Five days earlier, Easter Monday, the teams had also met in a league game in Birmingham, Villa winning 6-1.

"While there was joy in this the pleasure was marred by Newcastle's representation,"

said the Echo - the Magpies fielded nine reserves.

With fresher legs after three Easter games in four days, United won the final with two goals in the last seven minutes - and were fined £750 by the FA for fielding an under-strength team on the bank holiday.

EASTER Monday 1924? A Feethams crowd of 9,000, paying £617, saw Cockfield and Ferryhill draw 0-0 in the Durham Challenge Cup final, Ashington drew 1-1 at Walsall, Middlesbrough's relegation was confirmed by defeat at Cardiff City and the holiday mood seemed not to have reached Stanley Hill Top.

Stanley United were playing neighbours Willington, won with a first minute goal but had two men sent off - as did the visitors.

The Echo's headline writer thought it "regrettable", our man at the match reported that "ill feeling had crept in"

during the second half.

In truth it seemed not so much to have crept in as to have stormed up to the Little House on the Prairie and smashed down the door with a sledge hammer.

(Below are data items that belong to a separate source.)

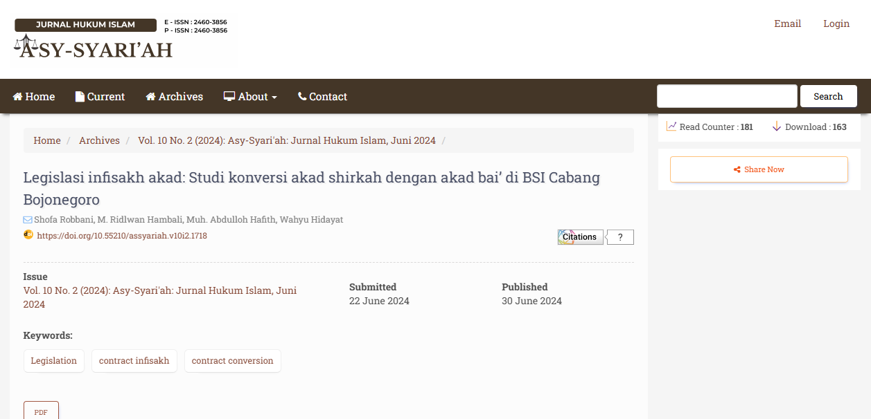 Legislasi infisakh akad: Studi konversi akad shirkah dengan akad bai’ di BSI Cabang Bojonegoro
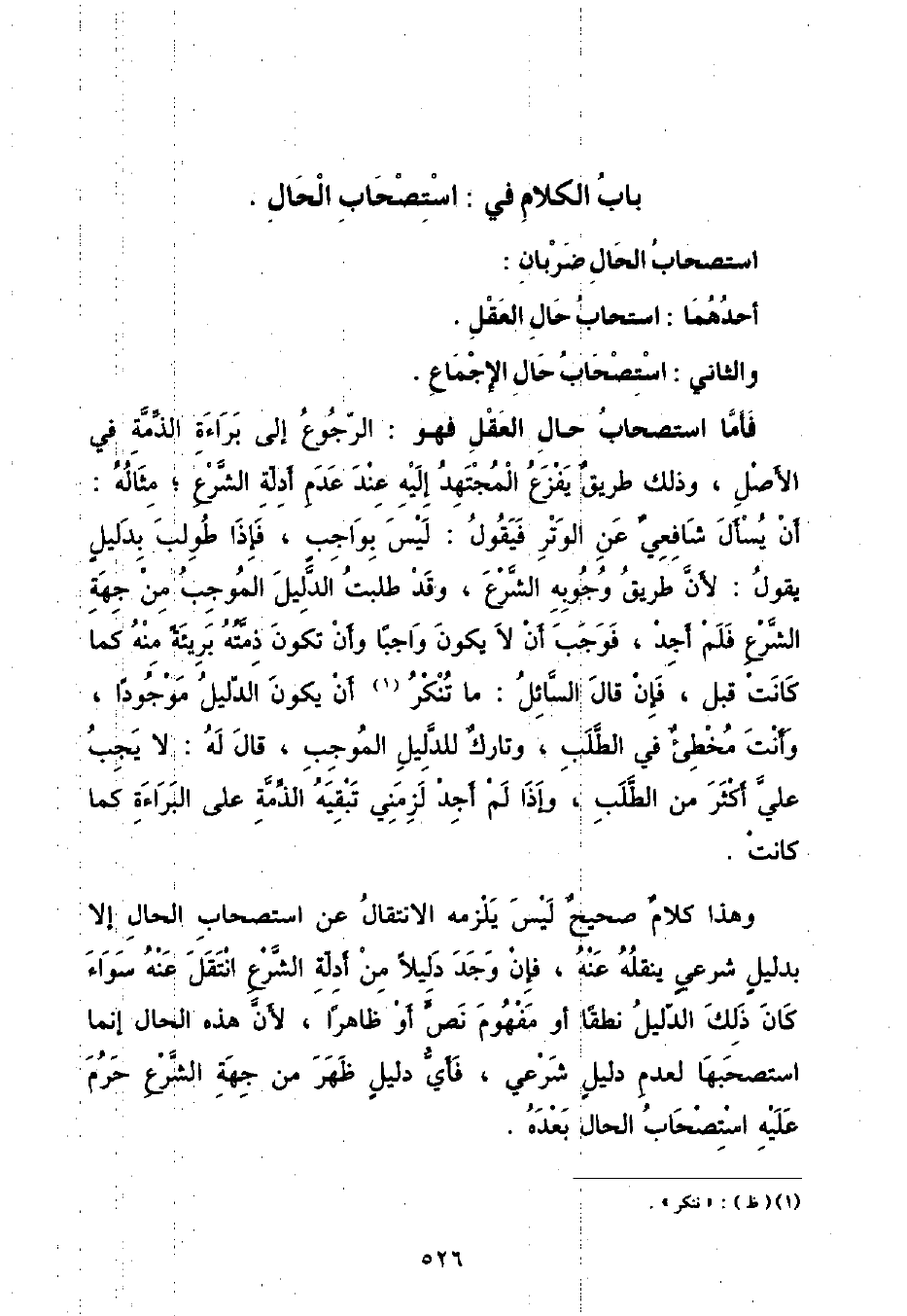 بَابُ الْكَلَامِ فِي: اسْتِصْحَابِ الْحَالِ اسْتِصْحَابُ الْحَالِ ضِرْبَانِ: أَحَدُهُمَا: اسْتِحْبَابُ حَالِ الْعَقْلِ وَالثَّانِي: اسْتِصْحَابُ حَالِ الْإِجْمَاعِ فَأَمَّا اسْتِصْحَابُ حَالِ الْعَقْلِ فَهُوَ: الرُّجُوعُ إِلَى بَرَاءَةِ الذِّمَّةِ فِي الْأَصْلِ , وَذَلِكَ طَرِيقٌ يَفْزَعُ الْمُجْتَهِدُ إِلَيْهِ عِنْدَ عَدَمِ أَدِلَّةِ الشَّرْعِ , مِثَالُهُ: أَنْ يُسْأَلَ شَافِعِيُّ عَنِ الْوِتْرِ فَيَقُولُ: لَيْسَ بِوَاجِبٍ , فَإِذَا طُولِبَ بِدَلِيلٍ يَقُولُ: لِأَنَّ طَرِيقَ وُجُوبِهِ الشَّرْعُ , وَقَدْ طَلَبْتُ الدَّلِيلَ الْمُوجِبَ مِنْ جِهَةِ الشَّرْعِ فَلَمْ أَجِدْ , فَوَجَبَ أَنْ لَا يَكُونَ وَاجِبًا وَأَنْ تَكُونَ ذِمَّتُهُ بَرِيئَةً مِنْهُ كَمَا كَانَتْ قَبْلُ , فَإِنْ قَالَ السَّائِلُ: مَا تُنْكِرُ أَنْ يَكُونَ الدَّلِيلُ مَوْجُودًا , وَأَنْتَ مُخْطِئٌ فِي الطَّلَبِ , وَتَارِكٌ لِلدَّلِيلِ الْمُوجِبِ قَالَ لَهُ: لَا يَجِبُ عَلَيَّ أَكْثَرُ مِنَ الطَّلَبِ , وَإِذَا لَمْ أَجِدْ لَزِمَنِي تَبْقِيَهُ الذِّمَّةِ عَلَى الْبَرَاءَةِ كَمَا كَانَتْ وَهَذَا كَلَامٌ صَحِيحٌ لَيْسَ يَلْزَمُهُ الِانْتِقَالُ عَنِ اسْتِصْحَابِ الْحَالِ إِلَّا بِدَلِيلٍ شَرْعِيٍّ يَنْقُلُهُ عَنْهُ , فَإِنْ وَجَدَ دَلِيلًا مِنْ أَدِلَّةِ الشَّرْعِ انْتَقَلَ عَنْهُ سَوَاءً كَانَ ذَلِكَ الدَّلِيلُ نُطْقًا أَوْ مَفْهُومَ نَصٍّ أَوْ ظَاهِرًا , لِأَنَّ هَذِهِ الْحَالَ إِنَّمَا اسْتَصْحَبَهَا لِعَدَمِ دَلِيلٍ شَرْعِيٍّ , فَأَيُّ دَلِيلٍ ظَهَرَ مِنْ جِهَةِ الشَّرْعِ حَرُمَ عَلَيْهِ اسْتِصْحَابُ الْحَالِ بَعْدَهُ
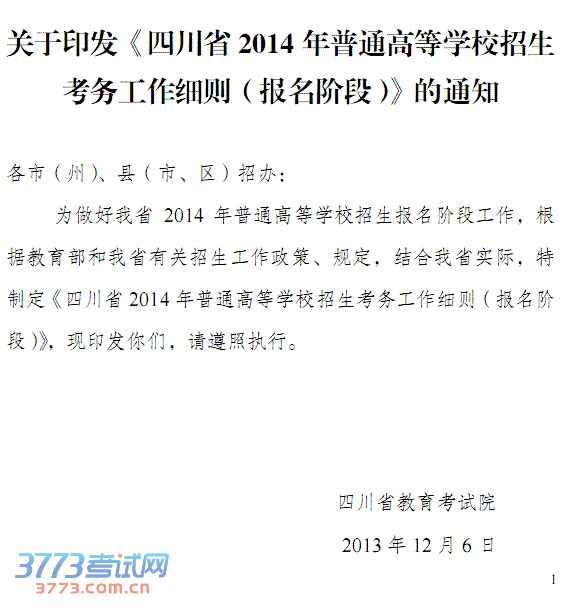 四川省招生考试院 2014年普通高考报名工作细则点击查看详情
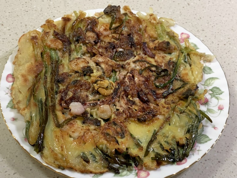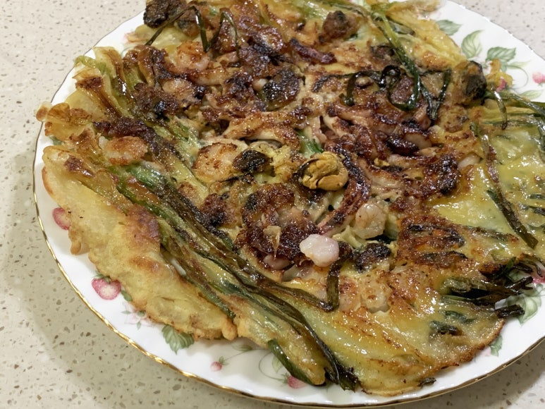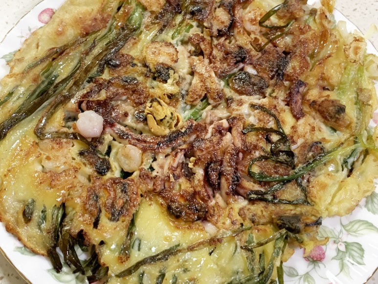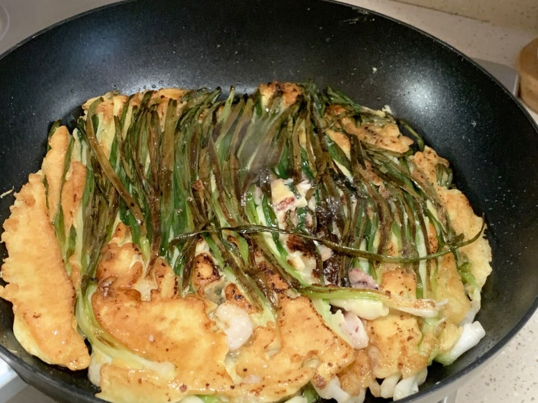 완전히 밑면이 익은 상태로 뒤집어 준 해물파전입니다.
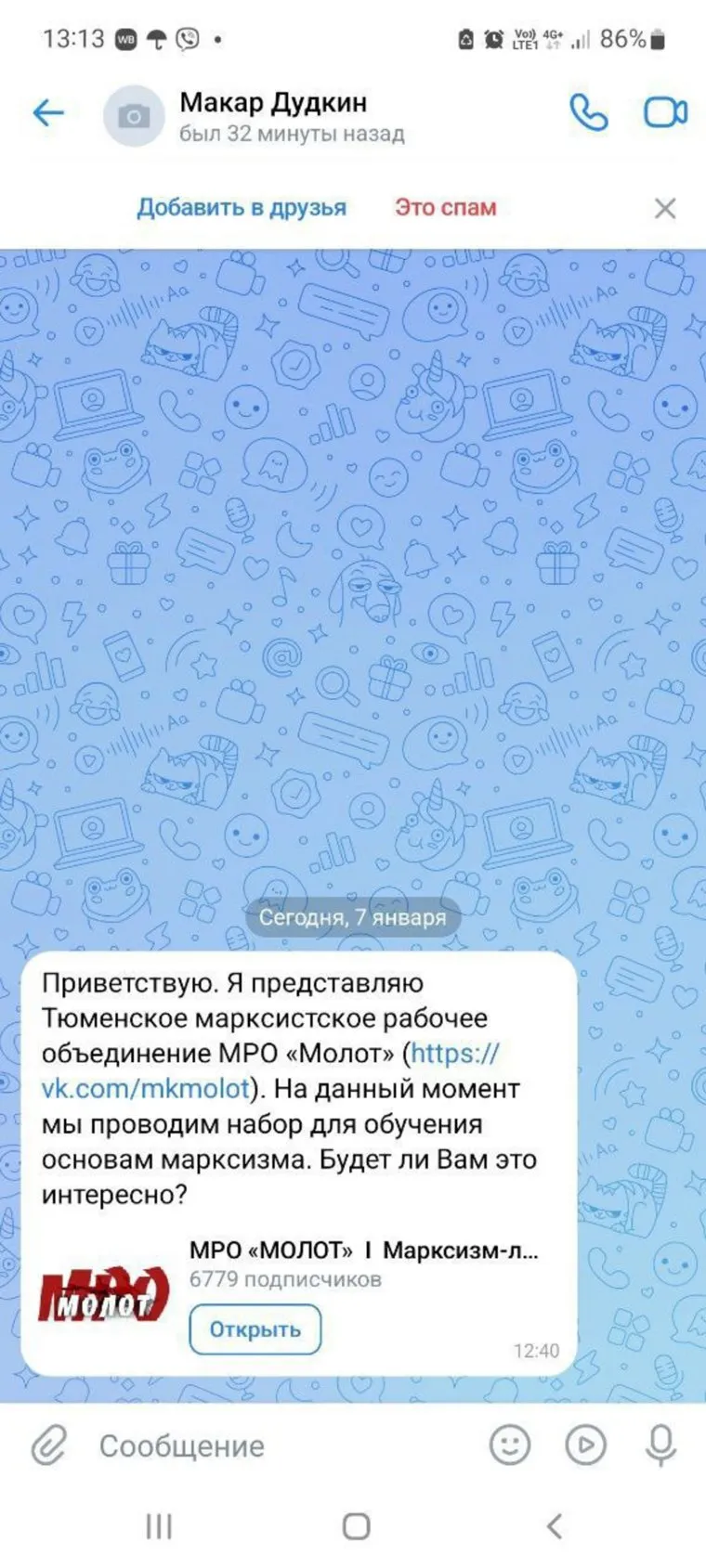 Жителям Тюменской области массово предлагают обучиться основам марксизма. Им приходят сообщения от представителей марксистского рабочего объединения «Молот». Об этом URA.RU сообщили сразу несколько читателей.
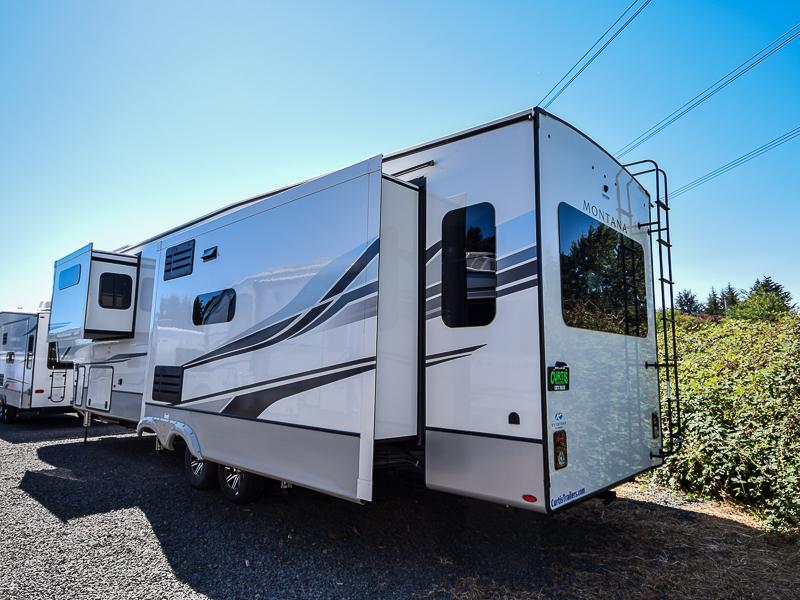 Take charge of how you camp in one of these luxurious Keystone RV Montana fifth wheels! The high quality SolarFlex 200 delivers an affordable solar energy system that eliminates the guesswork and can be built on to meet your exact needs. Keystone's exclusive 12" I-beam chassis with z-frame technology has been reengineered to be stronger, lighter and built for "the long haul". A few other construction features you will appreciate include a Road Armor suspension, 2" thick CNC routed, dual-layered lauan high gloss fiberglass sidewalls, a MaxTurn front cap with KeyShield automotive-grade paint, and a fully walkable roof with an Alpha seamless TPO membrane system. Their strikingly stylish interiors are designed with beautiful maple hardwood cabinetry, a pull-down spice rack, and an indoor/outdoor central vacuum, plus a Blade Pure airflow system for clean, quite, and cool air!

But it was Tow Law who the same day won the league.

ABIT belatedly, congratulations to John Armstrong who has been named Etherley Cricket Club's second team player of the year. Remember John? He was the player damnnear killed when the sightscreen at Shildon Railway took off in a gale and flattened him. Wind back in his sails, John's already looking forward to next season. "It's not bad,"

he says, "for a lad of 63."

JOHN'S still but a bairn, of course, compared to 70- year-old Kevin Chisholm, aka the Aged Miner.

Kevin, the club secretary, has just played the full match for Wearmouth in the Over 40s league - his first appearance since scoring a hat-trick as a 68-year-old.

League secretary Kip Watson is delighted at the eternity of youth, miffed that he had to learn about it from someone else.

"The Aged Miner rang in with the score," he protests.

"He never cried squeak."

...AND FINALLY

THE club which won most trophies at the "old"

Wembley stadium (Backtrack, February 12) was Liverpool - 17 in four competitions.

Tuesday's column also mentioned Greenwich Borough, Whitley Bay's potential opponents in the FA Vase quarter-final, who play in Eltham, south London.

Readers are today invited to name the world-famous American who was born in Eltham. With the usual spirit of optimism, the column returns in four days.